Let $K$ be a topological field.

Let $X$ be a topological vector space over $K$.

Let $a, b \in X$.

Let $W$ be an open neighborhood of $a + b$.

Then there exists an open neighborhood $W_1$ of $a$ and an open neighborhood $W_2$ of $b$ such that:

$W_1 + W_2 \subseteq W$

where $W_1 + W_2$ denotes the sum of $W_1$ and $W_2$.

Corollary 1

Let $W$ be an open neighborhood of ${\mathbf 0}_X$.

Then there exists a symmetric open neighborhood $U$ of ${\mathbf 0}_X$ such that:

$U + U \subseteq W$

Corollary 2

Let $K \in \set {\R, \C}$.

Let $W$ be an open neighborhood of ${\mathbf 0}_X$.

Then there exists a balanced open neighborhood $U$ of ${\mathbf 0}_X$ such that:

$U + U \subseteq W$

Proof

Equip $X \times X$ with the product topology.

From Box Topology on Finite Product Space is Product Topology, this is precisely the box topology.

Define $S : X \times X \to X$ by:

$\map S {x, y} = x + y$

for each $\tuple {x, y} \in X \times X$.

From the definition of a topological vector space, $S$ is continuous.

In particular, $S$ is continuous at $\tuple {a, b}$.
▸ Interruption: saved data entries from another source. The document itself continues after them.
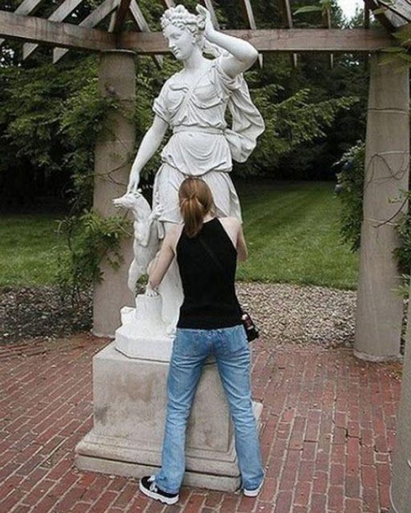 En dan zijn er de vrouwen die de grens van respect naar de absurditeit opzoeken. Sommigen worden zo enthousiast over een standbeeld dat ze het aanraken, ermee poseren of zelfs proberen in een onmogelijke pose te springen, alsof ze echt deel uitmaken van het beeld.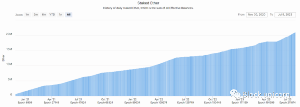当你把这个放在上下文中,它更加令人印象深刻:现在,大约有 1000 万 ETH 存入流动性质押协议。这个数字自 2022 年初以来已经增长了 5 倍以上!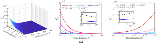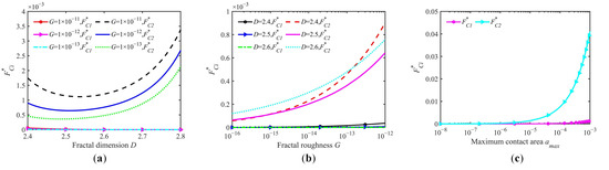 Figure 7b demonstrates the parametric relationship between the critical contact load FC2* and surface fractal characteristics. The relationship between surface fractal parameters and FC2* exhibits nonlinear complexity. The critical contact load FC2* scales monotonically with the G under fixed D. The critical contact load FC2* exhibits a convex non-monotonic relationship with D under constant G, initially decreasing before transitioning to an increasing regime. Additionally, FC2* increases with D under G = 1× 10−15 m, indicating a positive correlation between D and the critical contact load.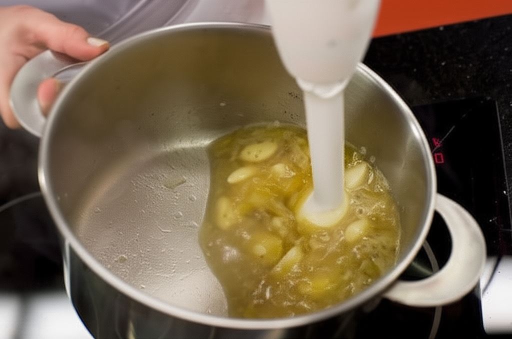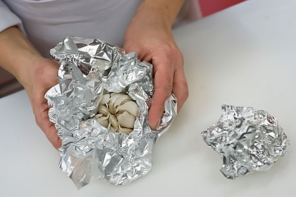 W międzyczasie trzy główki czosnku owiń folią aluminiową i umieść w rozgrzanym do 180 stopni piekarniku na około 15 minut. Po upływie tego czasu wyciągnij czosnek, ostudź, zdejmij łupiny i wprowadź do zupy.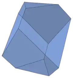 Un caso particular de romboedro es el que se halla truncado por sus vértices agudos, produciendo seis caras idénticas con forma de pentágono irregular, y dos caras triangulares regulares, paralelas entre sí. En algún caso se busca el poliedro que tenga todos sus vértices en una esfera circunscrita.
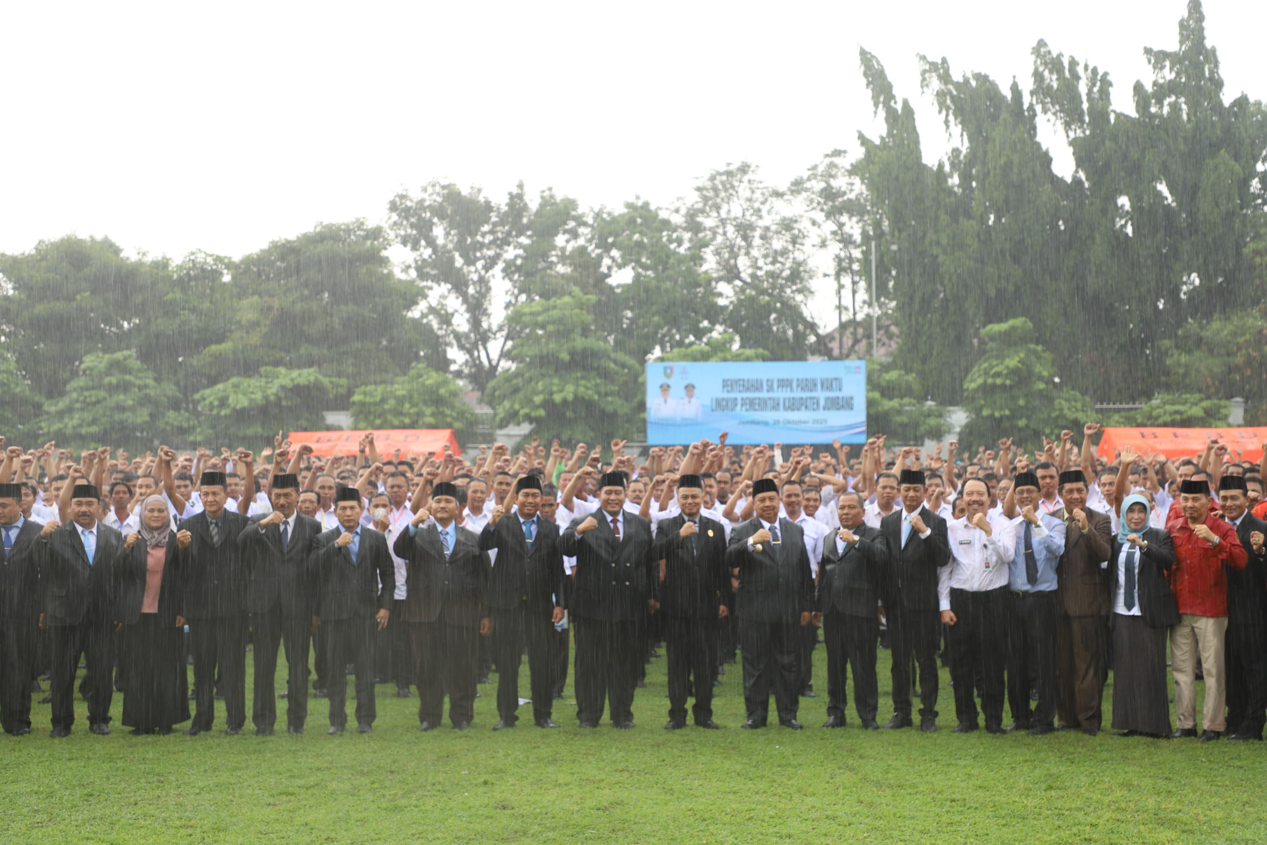 Jombang – suaraharianjatim.com : Ribuan wajah haru tak lagi memikirkan dinginnya guyuran hujan deras pada Selasa (28/10) siang di Lapangan Pemkab Jombang. Sebanyak 4.101 pegawai non-ASN akhirnya menuntaskan penantian panjang mereka, resmi menerima Surat Keputusan (SK) pengangkatan sebagai Pegawai Pemerintah dengan Perjanjian Kerja (PPPK) Paruh Waktu.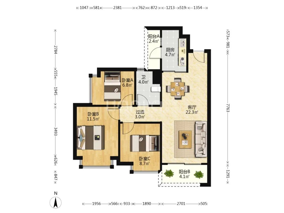 以往二手89平小户型,客厅开间仅有3.2米左右,新规后开间能去到3.4米。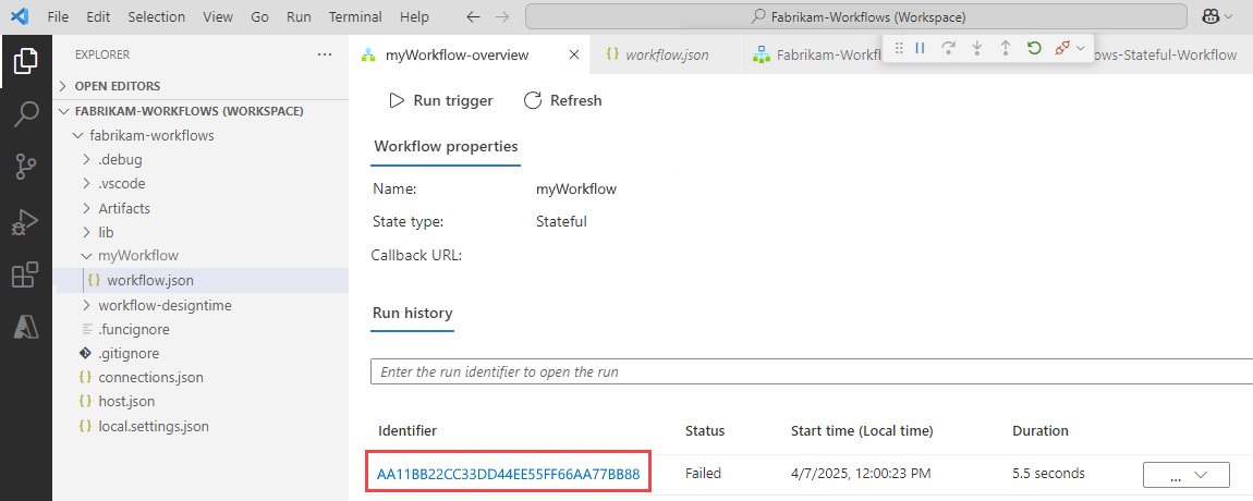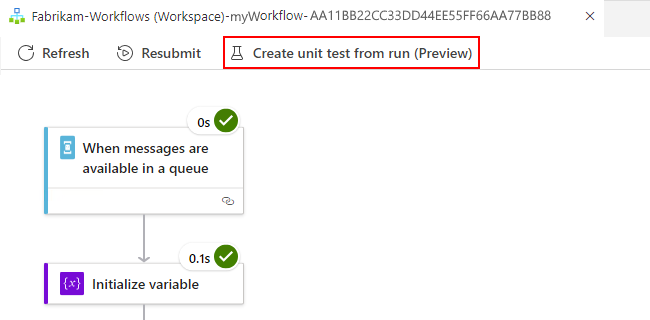 在概述页中,在运行历史记录下,选择用于创建单元测试的工作流运行。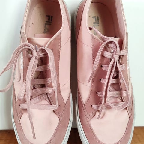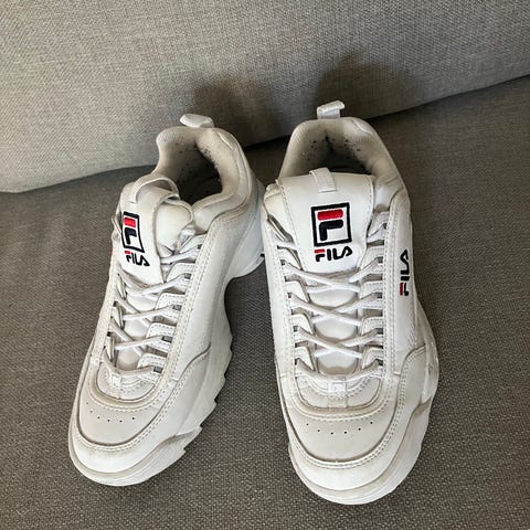 Fila tennarit, koko 40. Väriltään pääosin valkoiset tummansinisillä ja punaisilla yksityiskohdilla sekä Fila-logoraidalla. Nauhakiinnitys ja paksu kumipohja, joka sopii arkeen ja vapaa-aikaan. Kenkien yläosa synteettistä materiaalia ja tekstiiliä, sisäosa pehmustettu käyttömukavuuden lisäämiseksi.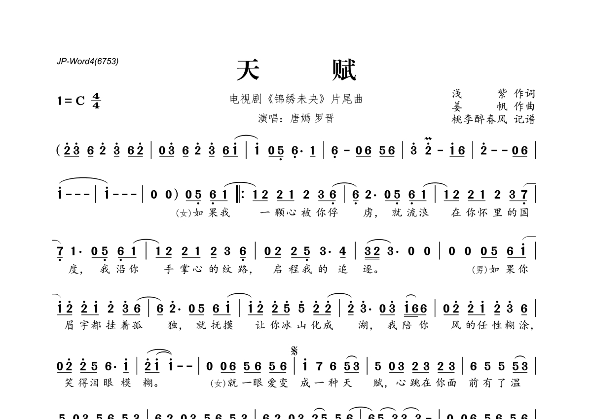 《天赋》是唐嫣&罗晋演唱的一首歌曲,拍号为4/4拍,这份简谱共有一张高清图谱,图谱由 @桃李醉春风 编配上传。

Hence, there exists an open neighborhood $V$ of $\tuple {a, b}$ such that:

$S \sqbrk V \subseteq W$

From Basis for Box Topology and the definition of a topology generated by a synthetic basis, there exists an open neighborhood $W_1$ of $a$ and an open neighborhood $W_2$ of $b$ such that:

$W_1 \times W_2 \subseteq V$

Then we have, from Image of Subset under Mapping is Subset of Image:

$S \sqbrk {W_1 \times W_2} \subseteq S \sqbrk V$

Since:

$S \sqbrk {W_1 \times W_2} = W_1 + W_2$

this gives:

$W_1 + W_2 \subseteq W$

as required.

$\blacksquare$